Three phases had O(n²) complexity due to nested loops:

| Phase | Operation | Before (2768 chapters) |
|-------|-----------|------------------------|
| OPF Pass | For each spine ref, scan all manifest items | ~25 min |
| TOC Pass | For each TOC entry, scan all spine items | ~5 min |
| buildBookBin | For each spine item, scan ZIP central directory | ~8.4
min |

Total: **~30+ minutes** for first-time indexing of large EPUBs.

## Solution

Replace linear scans with sorted hash indexes + binary search:

- **OPF Pass**: Build `{hash(id), len, offset}` index from manifest,
binary search for each spine ref
- **TOC Pass**: Build `{hash(href), len, spineIndex}` index from spine,
binary search for each TOC entry
- **buildBookBin**: New `ZipFile::fillUncompressedSizes()` API - single
ZIP central directory scan with batch hash matching

All indexes use FNV-1a hashing with length as secondary key to minimize
collisions. Indexes are freed immediately after each phase.

## Results

**Shadow Slave EPUB (2768 chapters):**

| Phase | Before | After | Speedup |
|-------|--------|-------|---------|
| OPF pass | ~25 min | 10.8 sec | ~140x |
| TOC pass | ~5 min | 4.7 sec | ~60x |
| buildBookBin | 506 sec | 34.6 sec | ~15x |
| **Total** | **~30+ min** | **~50 sec** | **~36x** |

**Normal EPUB (87 chapters):** 1.7 sec - no regression.

## Memory

Peak temporary memory during indexing:
- OPF index: ~33KB (2770 items × 12 bytes)
- TOC index: ~33KB (2768 items × 12 bytes)
- ZIP batch: ~44KB (targets + sizes arrays)
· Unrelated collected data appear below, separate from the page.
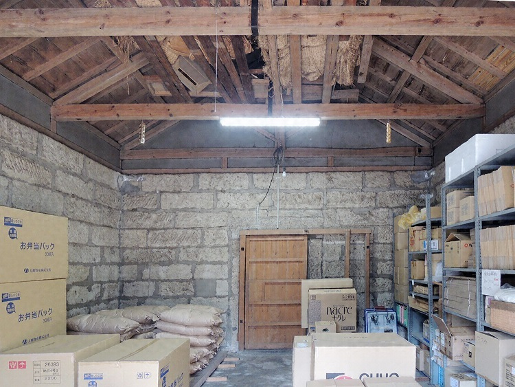 製造棟西棟の西側に南面して建つ。石蔵は切妻造鉄板葺妻入の平屋建で、背面に木造の豆小屋を附属する。大豆貯蔵庫の石蔵は外壁秋保石積の現し、トラス小屋組。計量作業場の豆小屋は外壁下見板張、和小屋である。納豆製造に欠かせない近代食品工場の附属施設。
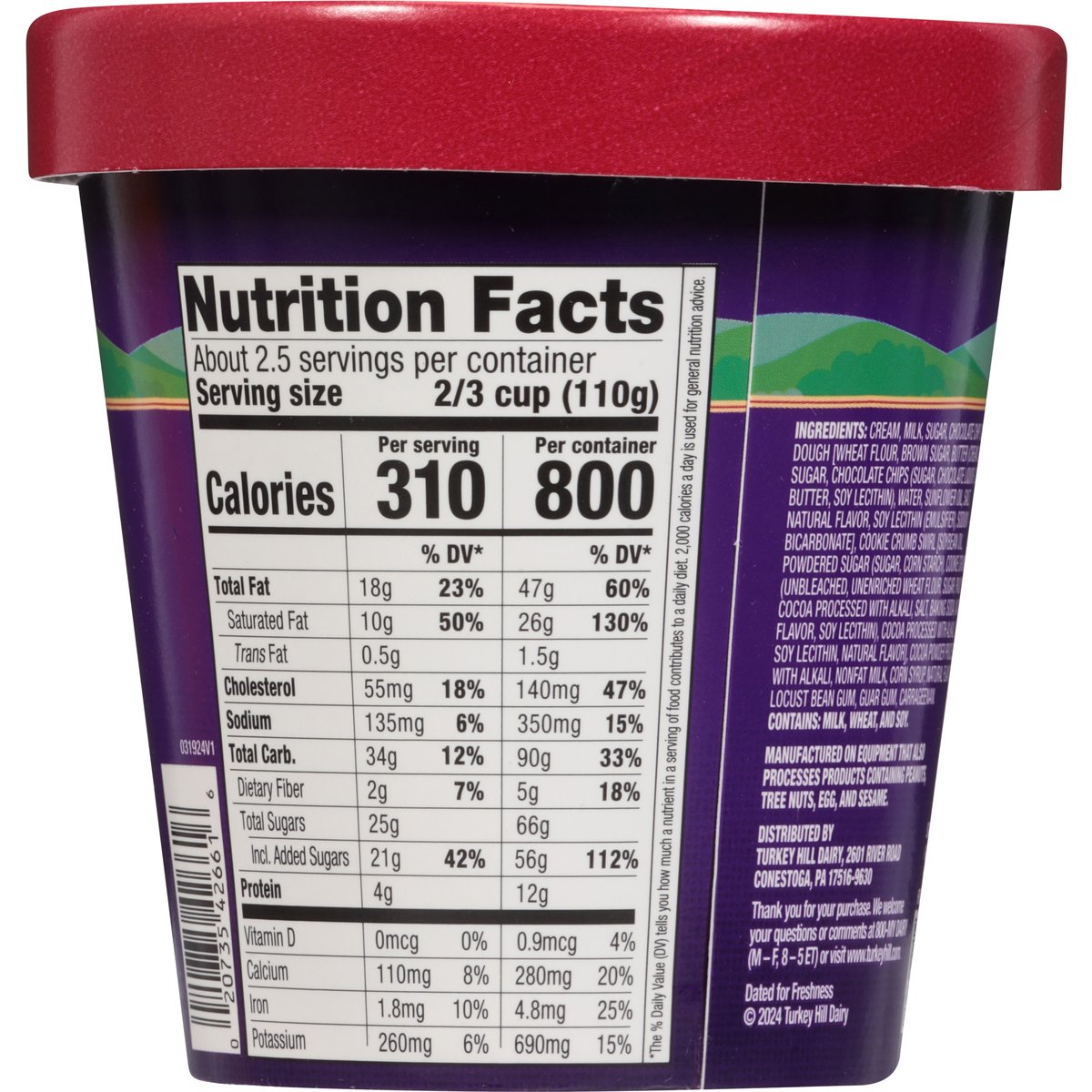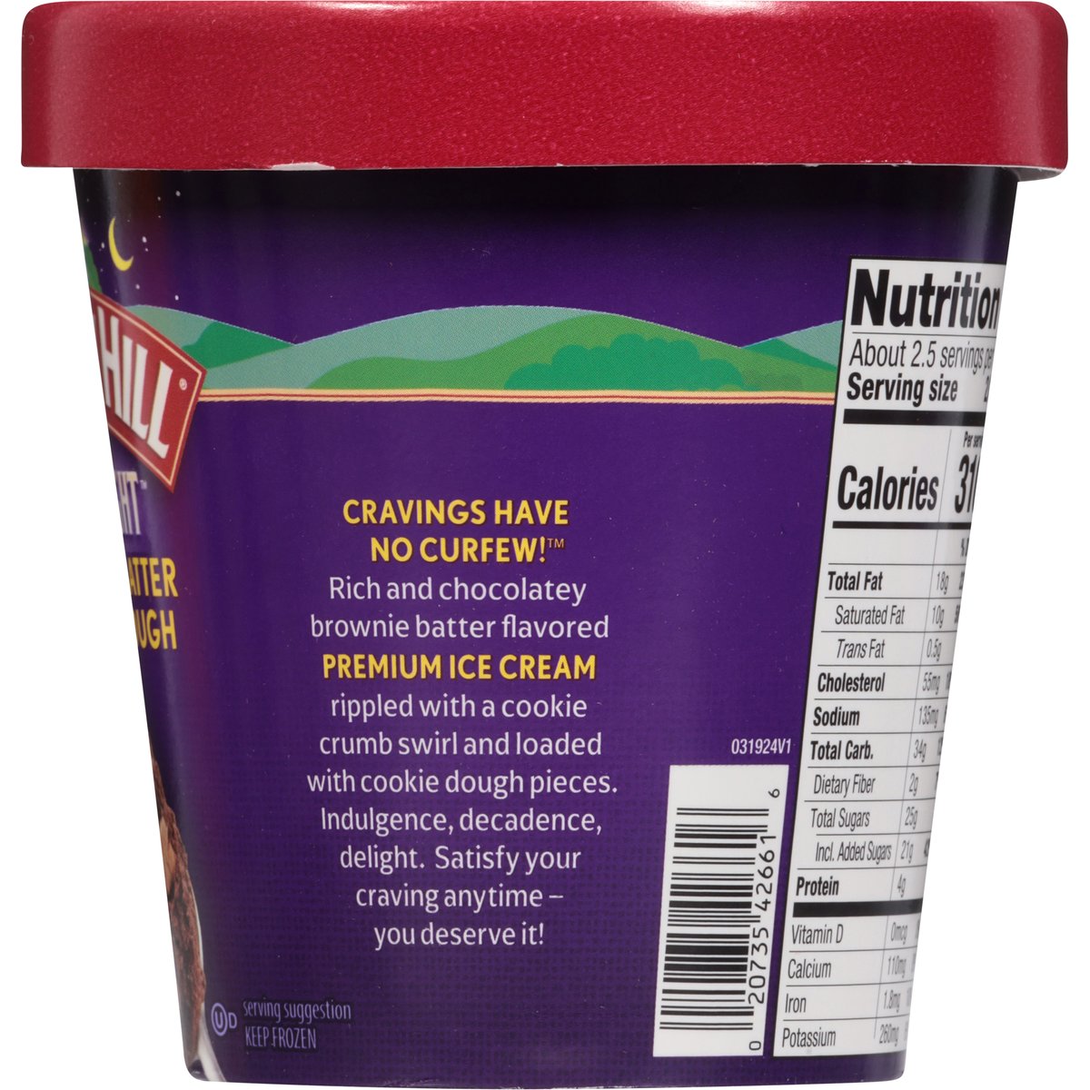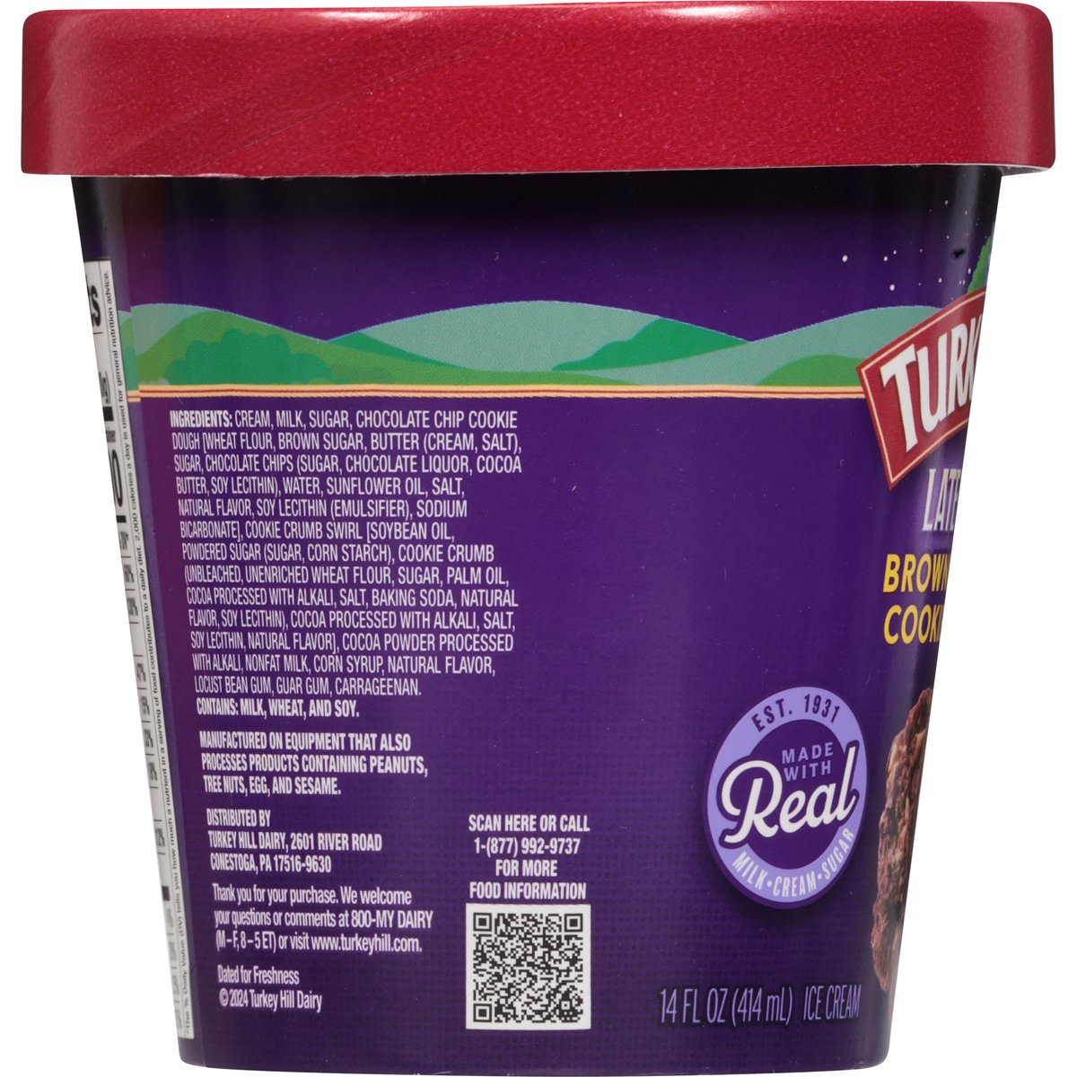 Brownie batter flavored ice cream with chocolate chip cookie dough pieces and cookie crumb swirl. Est. 1931. Cravings have no curfew! Rich and chocolatey brownie batter flavored premium ice cream rippled with a cookie crumb swirl and loaded with cookie dough pieces. Indulgence, decadence, delight. Satisfy your craving anytime - you deserve it! www.turkeyhill.com. Scan or call 1-(877) 992-9737 for more food information. Thank you for your purchase. We welcome your questions or comments at 800-My Dairy (M-F, 8-5 ET) or visit www.turkeyhill.com.
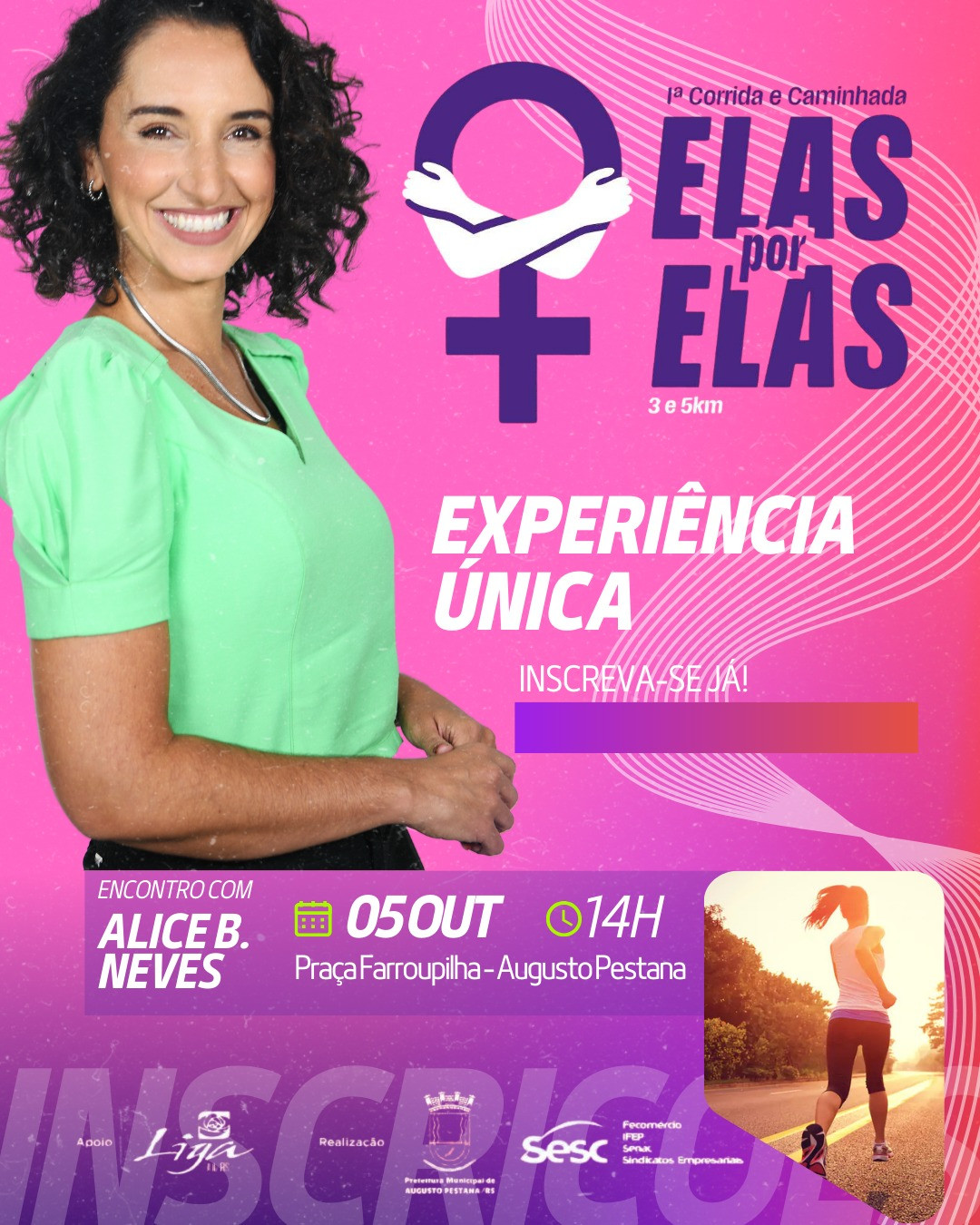 A Prefeitura de Augusto Pestana, em parceria com o Setor de Esportes, a Secretaria Municipal de Saúde e o SESC, realiza no próximo domingo, 05 de outubro de 2025, a 1ª Corrida e Caminhada “Elas por Elas”, dentro da programação do Outubro Rosa, campanha internacional de conscientização sobre a prevenção e o diagnóstico precoce do câncer de mama. O evento terá início às 14h e promete reunir a comunidade em um momento de esporte, reflexão e solidariedade.

All indexes cleared immediately after each phase. No OOM risk on
ESP32-C3.

## Note on Threshold

All optimizations are gated by `LARGE_SPINE_THRESHOLD = 400` to preserve
existing behavior for small books. However, the algorithms work
correctly for any book size and are faster even for small books:

| Book Size | Old O(n²) | New O(n log n) | Improvement |
|-----------|-----------|----------------|-------------|
| 10 ch | 100 ops | 50 ops | 2x |
| 100 ch | 10K ops | 800 ops | 12x |
| 400 ch | 160K ops | 4K ops | 40x |

If preferred, the threshold could be removed to use the optimized path
universally.

## Testing

- [x] Shadow Slave (2768 chapters): 50s first-time indexing, loads and
navigates correctly
- [x] Normal book (87 chapters): 1.7s indexing, no regression
- [x] Build passes
- [x] clang-format passes

## Files Changed

- `lib/Epub/Epub/parsers/ContentOpfParser.h/.cpp` - OPF manifest index
- `lib/Epub/Epub/BookMetadataCache.h/.cpp` - TOC index + batch size
lookup
- `lib/ZipFile/ZipFile.h/.cpp` - New `fillUncompressedSizes()` API
- `lib/Epub/Epub.cpp` - Timing logs

<details>
<summary><b>Algorithm Details</b> (click to expand)</summary>

### Phase 1: OPF Pass - Manifest to Spine Lookup

**Problem**: Each `<itemref idref="ch001">` in spine must find matching
`<item id="ch001" href="...">` in manifest.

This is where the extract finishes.